(LISTED RECORDS):
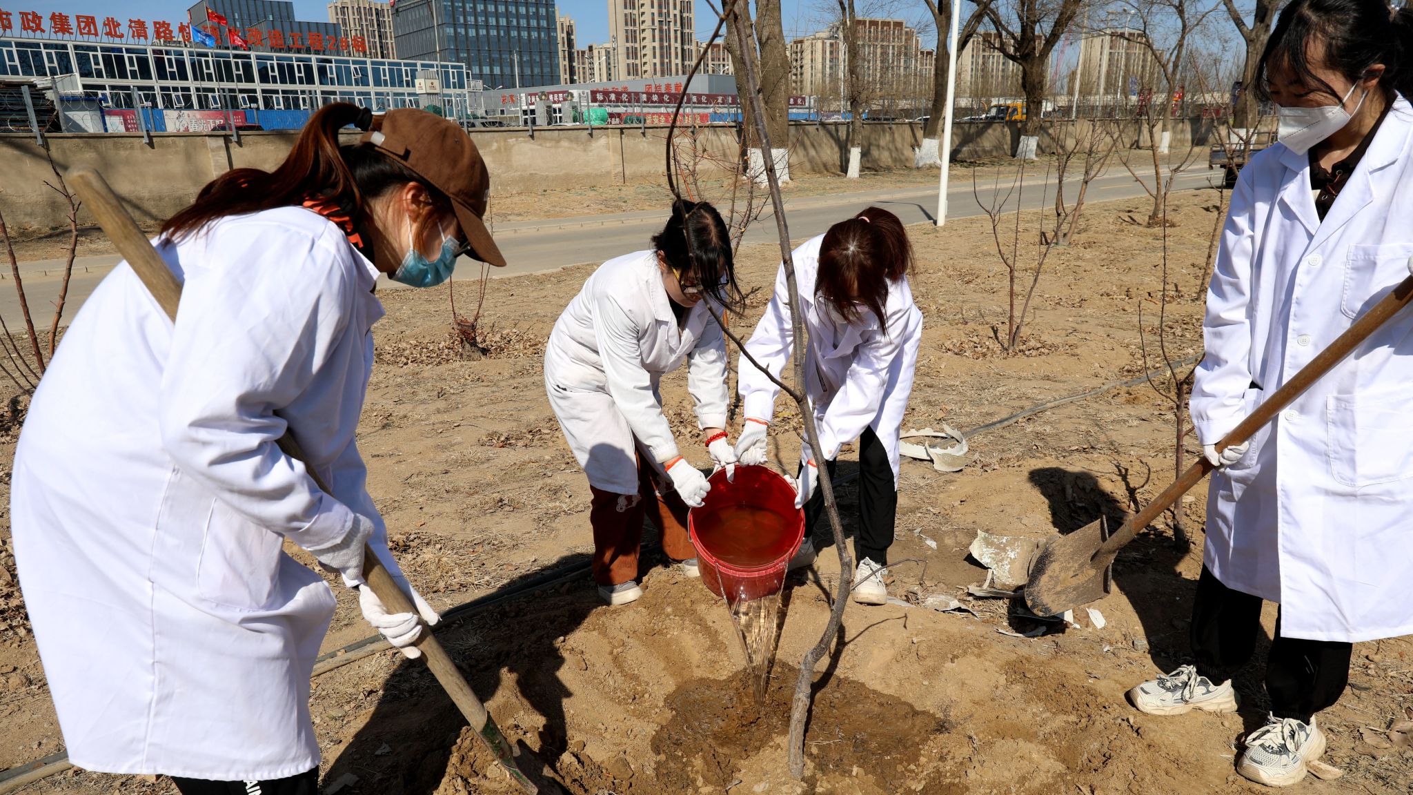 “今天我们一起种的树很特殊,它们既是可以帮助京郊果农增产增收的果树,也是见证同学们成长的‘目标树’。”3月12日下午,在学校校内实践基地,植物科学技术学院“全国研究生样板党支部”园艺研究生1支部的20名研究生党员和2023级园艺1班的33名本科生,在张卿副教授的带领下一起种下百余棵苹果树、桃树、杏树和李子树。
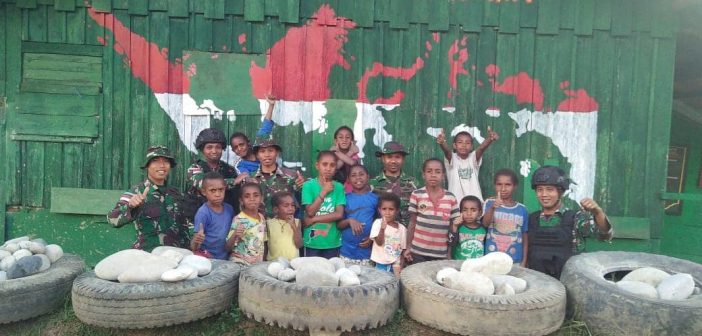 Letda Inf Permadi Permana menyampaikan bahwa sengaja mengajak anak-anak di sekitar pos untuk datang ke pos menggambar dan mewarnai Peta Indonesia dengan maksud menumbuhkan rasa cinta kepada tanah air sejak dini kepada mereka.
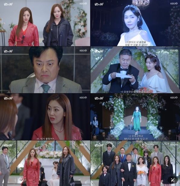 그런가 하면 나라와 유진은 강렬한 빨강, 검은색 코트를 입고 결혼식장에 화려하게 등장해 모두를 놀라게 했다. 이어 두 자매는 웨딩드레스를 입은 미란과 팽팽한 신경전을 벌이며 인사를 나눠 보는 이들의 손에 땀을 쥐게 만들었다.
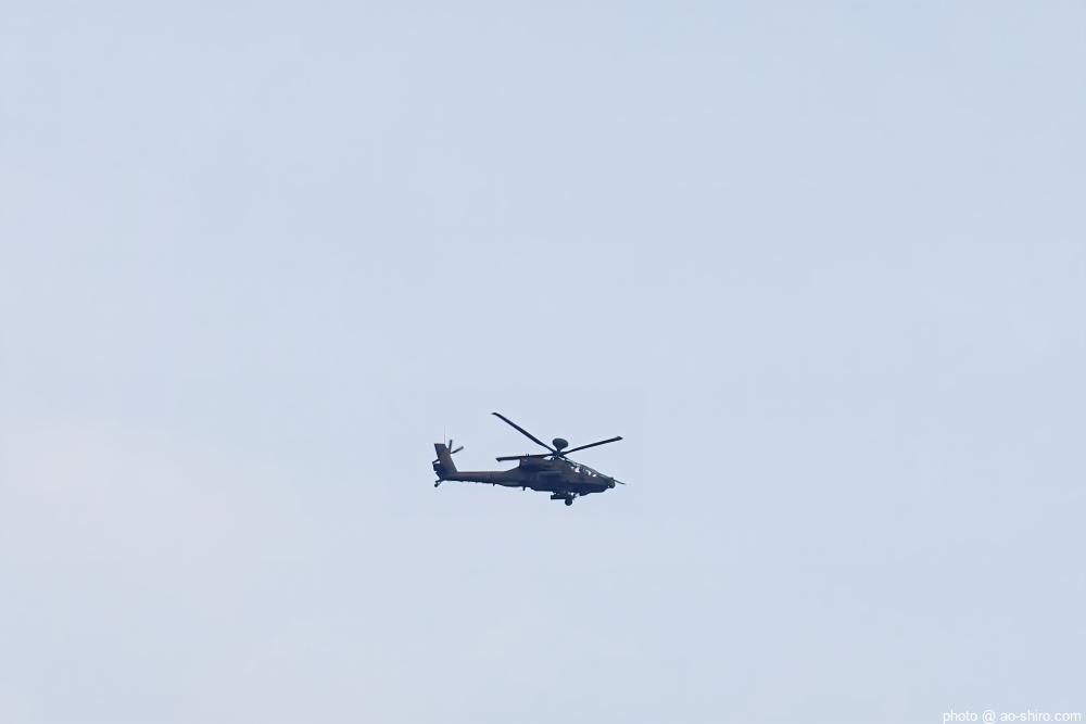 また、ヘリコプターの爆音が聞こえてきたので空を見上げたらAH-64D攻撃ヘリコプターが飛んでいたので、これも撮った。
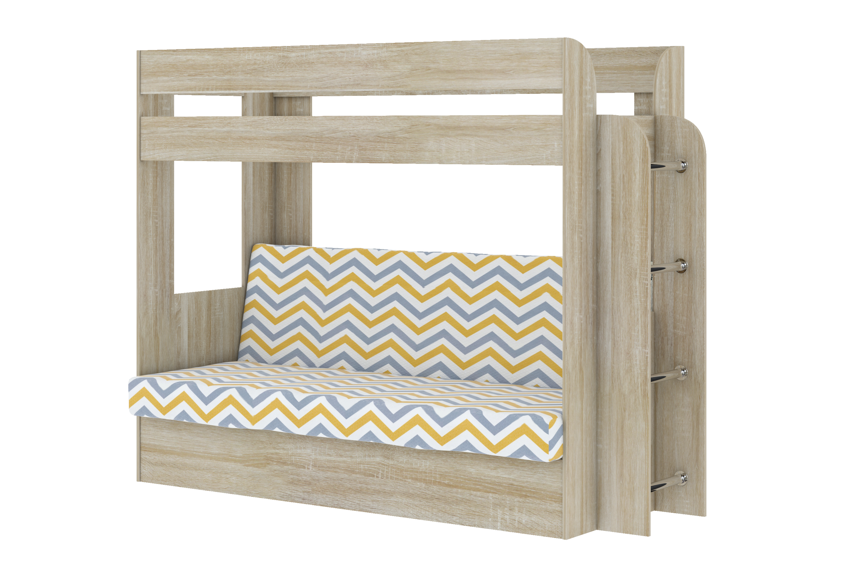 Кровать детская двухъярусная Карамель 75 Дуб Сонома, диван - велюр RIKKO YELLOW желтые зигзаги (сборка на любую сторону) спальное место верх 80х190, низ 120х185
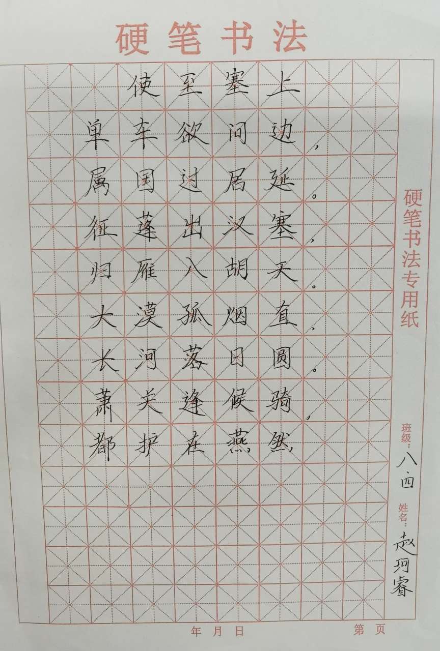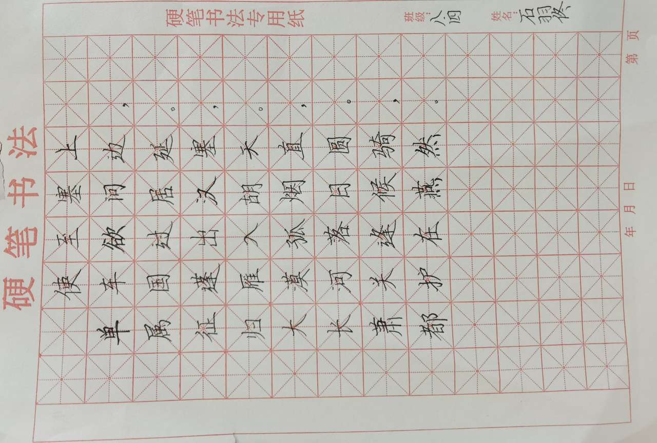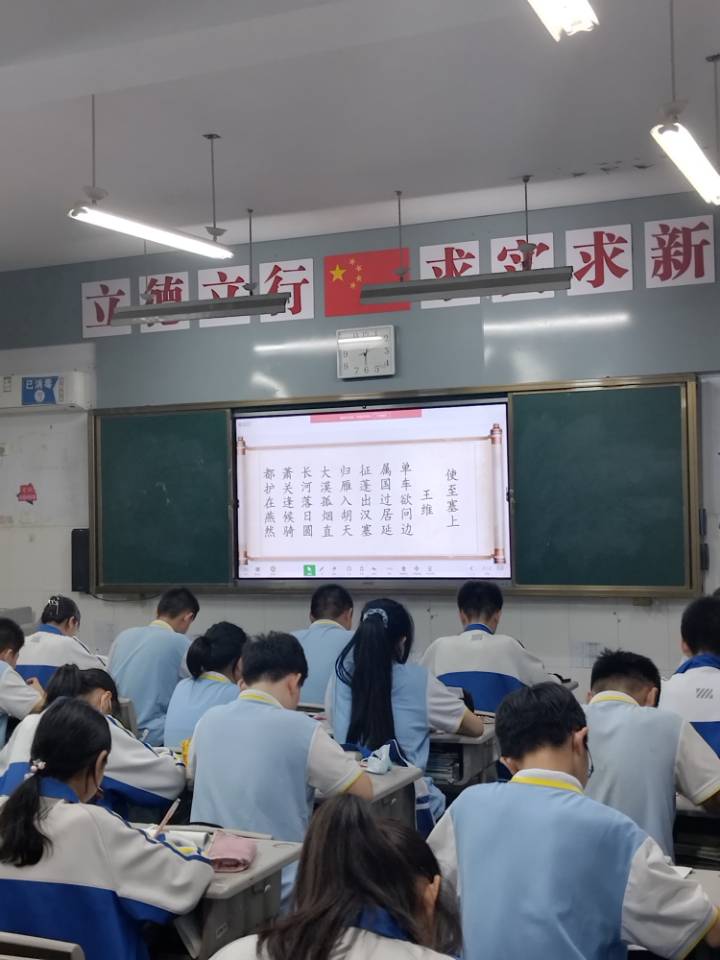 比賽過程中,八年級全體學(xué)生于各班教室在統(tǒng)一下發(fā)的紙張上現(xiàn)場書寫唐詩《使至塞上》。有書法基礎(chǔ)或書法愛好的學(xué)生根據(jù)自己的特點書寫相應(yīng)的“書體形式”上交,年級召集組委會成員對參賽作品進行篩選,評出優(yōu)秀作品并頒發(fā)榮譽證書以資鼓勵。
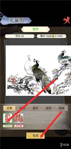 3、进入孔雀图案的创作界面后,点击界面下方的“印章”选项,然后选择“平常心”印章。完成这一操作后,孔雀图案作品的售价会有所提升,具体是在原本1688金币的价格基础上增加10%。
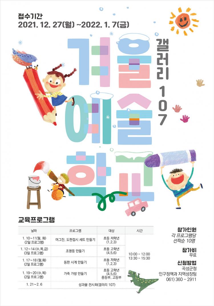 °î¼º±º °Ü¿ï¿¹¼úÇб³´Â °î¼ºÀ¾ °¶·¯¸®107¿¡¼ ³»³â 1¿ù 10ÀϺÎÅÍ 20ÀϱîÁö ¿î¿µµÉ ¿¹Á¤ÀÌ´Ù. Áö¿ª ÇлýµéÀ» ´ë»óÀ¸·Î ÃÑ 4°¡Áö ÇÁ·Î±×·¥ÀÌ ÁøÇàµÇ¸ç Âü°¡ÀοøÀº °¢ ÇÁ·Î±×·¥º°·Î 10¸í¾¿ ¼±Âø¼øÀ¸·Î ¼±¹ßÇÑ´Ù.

(ABOUT THIS EXERCISE): Type the entries again verbatim. Drop the images.

(ANSWER TO THIS PROBLEM):
 “今天我们一起种的树很特殊,它们既是可以帮助京郊果农增产增收的果树,也是见证同学们成长的‘目标树’。”3月12日下午,在学校校内实践基地,植物科学技术学院“全国研究生样板党支部”园艺研究生1支部的20名研究生党员和2023级园艺1班的33名本科生,在张卿副教授的带领下一起种下百余棵苹果树、桃树、杏树和李子树。
 Letda Inf Permadi Permana menyampaikan bahwa sengaja mengajak anak-anak di sekitar pos untuk datang ke pos menggambar dan mewarnai Peta Indonesia dengan maksud menumbuhkan rasa cinta kepada tanah air sejak dini kepada mereka.
 그런가 하면 나라와 유진은 강렬한 빨강, 검은색 코트를 입고 결혼식장에 화려하게 등장해 모두를 놀라게 했다. 이어 두 자매는 웨딩드레스를 입은 미란과 팽팽한 신경전을 벌이며 인사를 나눠 보는 이들의 손에 땀을 쥐게 만들었다.
 また、ヘリコプターの爆音が聞こえてきたので空を見上げたらAH-64D攻撃ヘリコプターが飛んでいたので、これも撮った。
 Кровать детская двухъярусная Карамель 75 Дуб Сонома, диван - велюр RIKKO YELLOW желтые зигзаги (сборка на любую сторону) спальное место верх 80х190, низ 120х185
 比賽過程中,八年級全體學(xué)生于各班教室在統(tǒng)一下發(fā)的紙張上現(xiàn)場書寫唐詩《使至塞上》。有書法基礎(chǔ)或書法愛好的學(xué)生根據(jù)自己的特點書寫相應(yīng)的“書體形式”上交,年級召集組委會成員對參賽作品進行篩選,評出優(yōu)秀作品并頒發(fā)榮譽證書以資鼓勵。
 3、进入孔雀图案的创作界面后,点击界面下方的“印章”选项,然后选择“平常心”印章。完成这一操作后,孔雀图案作品的售价会有所提升,具体是在原本1688金币的价格基础上增加10%。
 °î¼º±º °Ü¿ï¿¹¼úÇб³´Â °î¼ºÀ¾ °¶·¯¸®107¿¡¼ ³»³â 1¿ù 10ÀϺÎÅÍ 20ÀϱîÁö ¿î¿µµÉ ¿¹Á¤ÀÌ´Ù. Áö¿ª ÇлýµéÀ» ´ë»óÀ¸·Î ÃÑ 4°¡Áö ÇÁ·Î±×·¥ÀÌ ÁøÇàµÇ¸ç Âü°¡ÀοøÀº °¢ ÇÁ·Î±×·¥º°·Î 10¸í¾¿ ¼±Âø¼øÀ¸·Î ¼±¹ßÇÑ´Ù.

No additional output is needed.